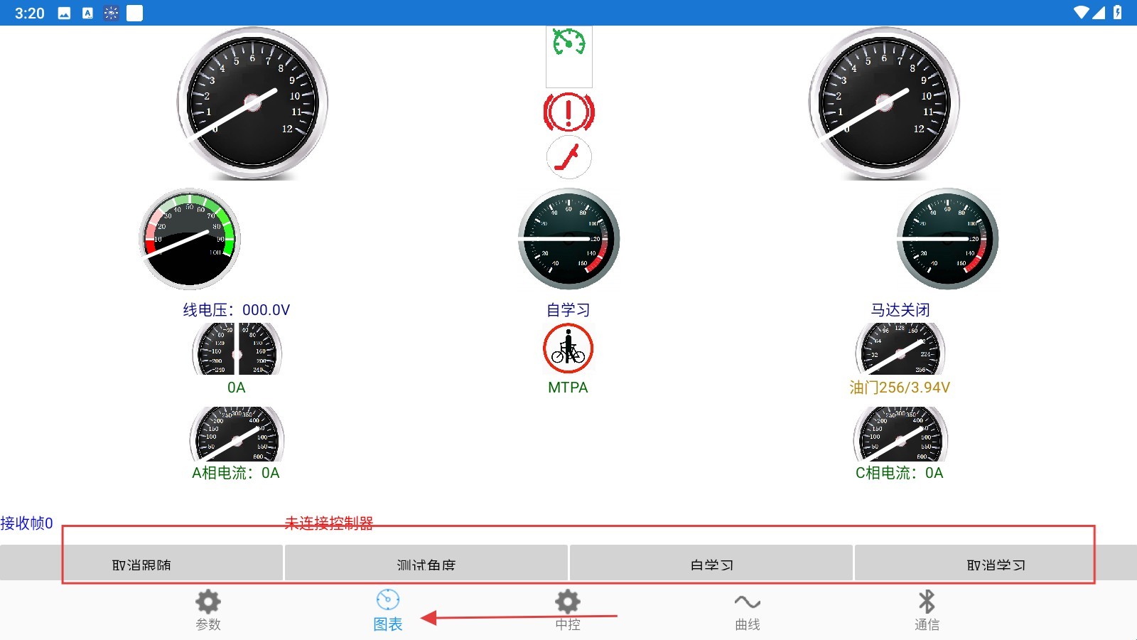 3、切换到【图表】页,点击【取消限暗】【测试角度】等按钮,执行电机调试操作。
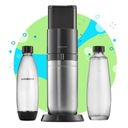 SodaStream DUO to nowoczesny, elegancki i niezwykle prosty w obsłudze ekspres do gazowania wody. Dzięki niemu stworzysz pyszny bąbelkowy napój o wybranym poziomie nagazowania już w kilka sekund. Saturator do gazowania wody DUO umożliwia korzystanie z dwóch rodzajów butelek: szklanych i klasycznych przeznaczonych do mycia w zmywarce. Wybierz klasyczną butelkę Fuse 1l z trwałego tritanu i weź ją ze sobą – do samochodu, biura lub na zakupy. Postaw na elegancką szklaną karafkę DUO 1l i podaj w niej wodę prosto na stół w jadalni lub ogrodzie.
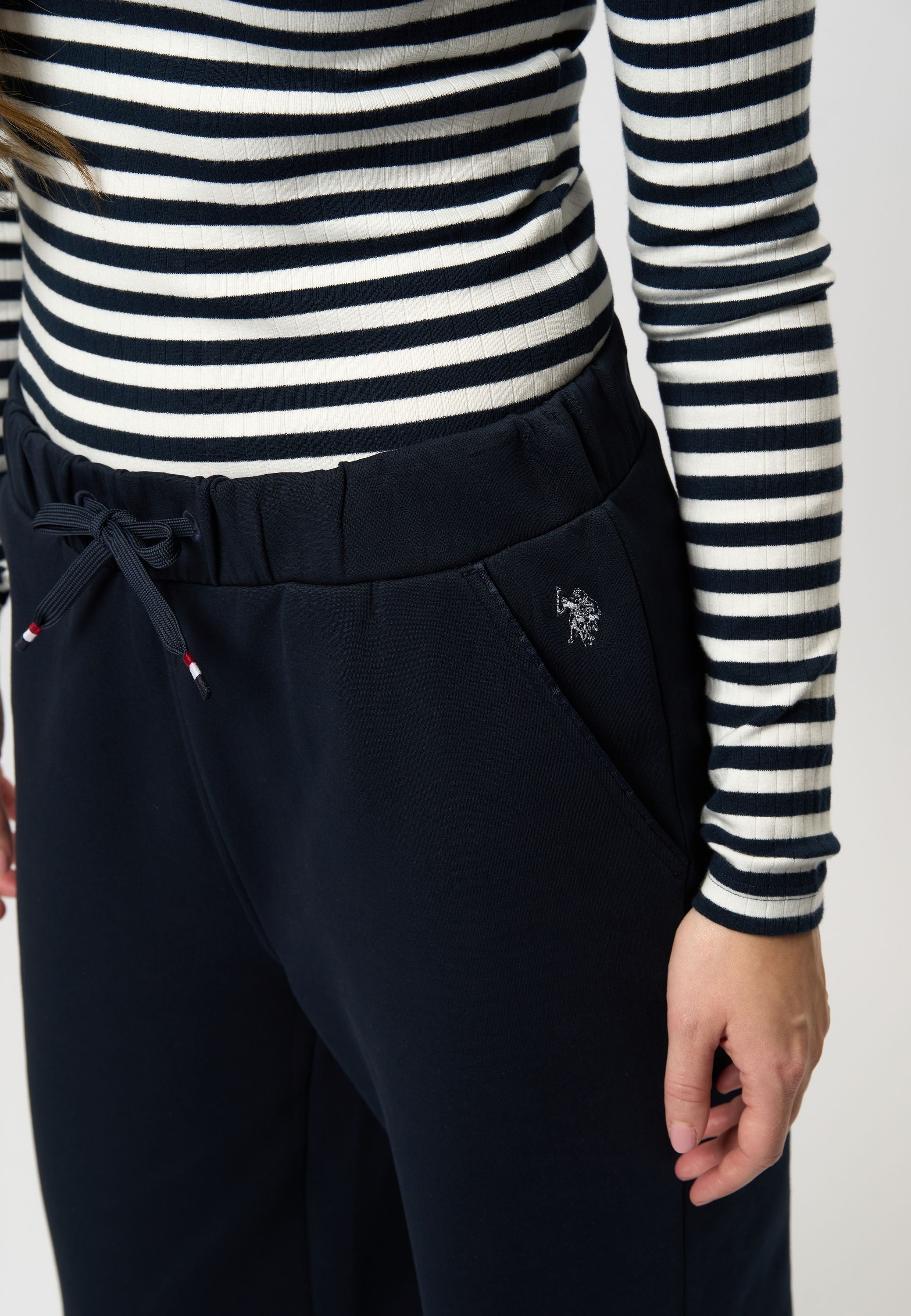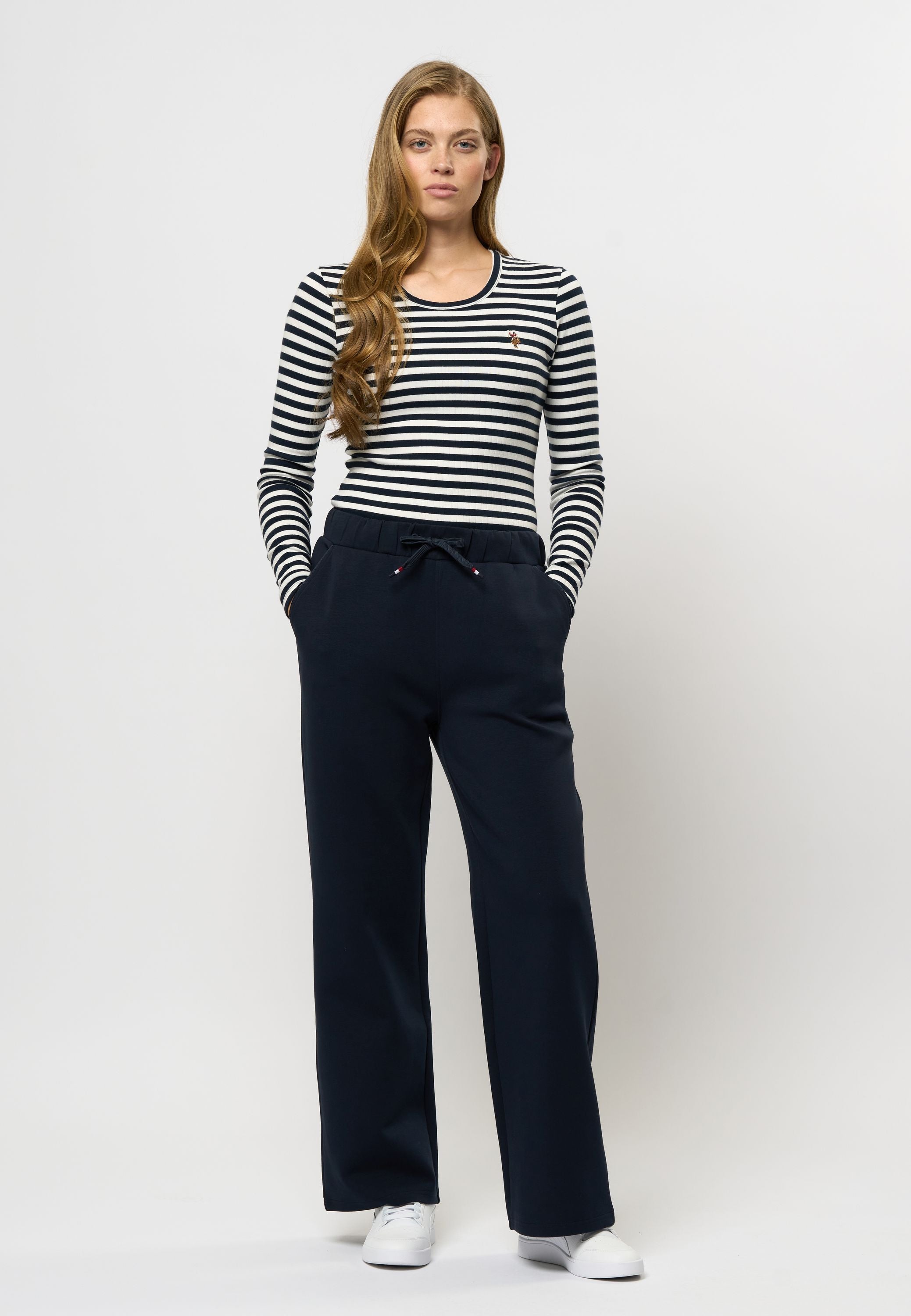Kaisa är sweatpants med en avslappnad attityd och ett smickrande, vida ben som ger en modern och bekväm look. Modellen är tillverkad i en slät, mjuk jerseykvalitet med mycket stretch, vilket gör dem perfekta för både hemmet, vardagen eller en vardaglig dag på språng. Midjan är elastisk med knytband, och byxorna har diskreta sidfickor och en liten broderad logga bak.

━━━

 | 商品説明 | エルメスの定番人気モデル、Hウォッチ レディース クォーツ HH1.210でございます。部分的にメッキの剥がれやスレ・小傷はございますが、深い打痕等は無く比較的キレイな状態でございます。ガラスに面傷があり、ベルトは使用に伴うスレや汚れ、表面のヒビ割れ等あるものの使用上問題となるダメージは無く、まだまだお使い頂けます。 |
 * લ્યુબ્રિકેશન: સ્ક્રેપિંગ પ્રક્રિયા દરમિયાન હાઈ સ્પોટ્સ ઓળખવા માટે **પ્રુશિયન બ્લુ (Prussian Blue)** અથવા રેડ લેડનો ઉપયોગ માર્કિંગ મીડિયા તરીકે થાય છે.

━━━

◆ **Assignment**:
Treat the line with "3、切换到【图表】页,点击【取消限暗】【测试角度】等按钮,执行电机调试操作。" as the start and the line with "Kaisa är sweatpants" as the end, and return exactly that span of the data above, both ends included, without pictures.

◆ **Worked solution**:
 3、切换到【图表】页,点击【取消限暗】【测试角度】等按钮,执行电机调试操作。
 SodaStream DUO to nowoczesny, elegancki i niezwykle prosty w obsłudze ekspres do gazowania wody. Dzięki niemu stworzysz pyszny bąbelkowy napój o wybranym poziomie nagazowania już w kilka sekund. Saturator do gazowania wody DUO umożliwia korzystanie z dwóch rodzajów butelek: szklanych i klasycznych przeznaczonych do mycia w zmywarce. Wybierz klasyczną butelkę Fuse 1l z trwałego tritanu i weź ją ze sobą – do samochodu, biura lub na zakupy. Postaw na elegancką szklaną karafkę DUO 1l i podaj w niej wodę prosto na stół w jadalni lub ogrodzie.
Kaisa är sweatpants med en avslappnad attityd och ett smickrande, vida ben som ger en modern och bekväm look. Modellen är tillverkad i en slät, mjuk jerseykvalitet med mycket stretch, vilket gör dem perfekta för både hemmet, vardagen eller en vardaglig dag på språng. Midjan är elastisk med knytband, och byxorna har diskreta sidfickor och en liten broderad logga bak.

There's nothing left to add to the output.